Notou-se, também, que a dupla estigmatizada na denúncia como agressor e vítima não eram necessariamente as pessoas com menor possibilidade de utilização de seus recursos internos, sendo que a possibilidade de confusão ou mesmo perturbação mental observadas independia destes rótulos. Como exemplo, poderíamos citar que a mãe, em casos de relações incestuosas pai e filha, ou os pais, em relações incestuosas entre irmãos, foram percebidos em várias famílias como figuras centrais na manutenção da dinâmica incestuosa, sendo, às vezes, necessário um atendimento individualizado para estes, mais do que para a dupla pai e filha, pois investir na estruturação emocional destes outros membros do grupo familiar parecia, em alguns casos, mais promissor no sentido de possibilitar mudanças na dinâmica familiar.

Assim, o CEARAS passou a priorizar o atendimento familiar, dirigido a todos os membros da família que estão envolvidos afetivamente, não obrigatoriamente a família biológica. No início, caso fosse percebida a necessidade de atendimento individual para algum membro da família, este era oferecido paralelamente ao atendimento familiar.

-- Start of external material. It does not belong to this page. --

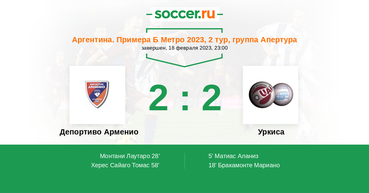 Протокол матча Депортиво Арменио против Уркиса
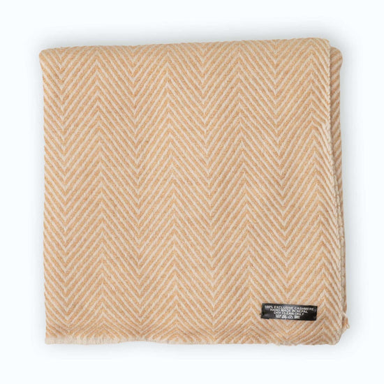 Sciarpa in cashmere beige dorato con motivo spinato medio

A experiência dos atendimentos demonstrou que o fato de os terapeutas da família terem conhecimento da terapia individual nas supervisães, e vice-versa, poderia comprometer os vínculos e consequentemente o próprio atendimento, já que se trata de famílias que tem como características principais a confusão de funções e a quebra de vínculos de confiança. Logo se definiu a terapia familiar como a especificidade do CEARAS. A terapia familiar é realizada por dois terapeutas e a frequência dos atendimentos é semanal, sendo que os mesmos têm uma duração mínima de um ano e máxima de um ano e meio.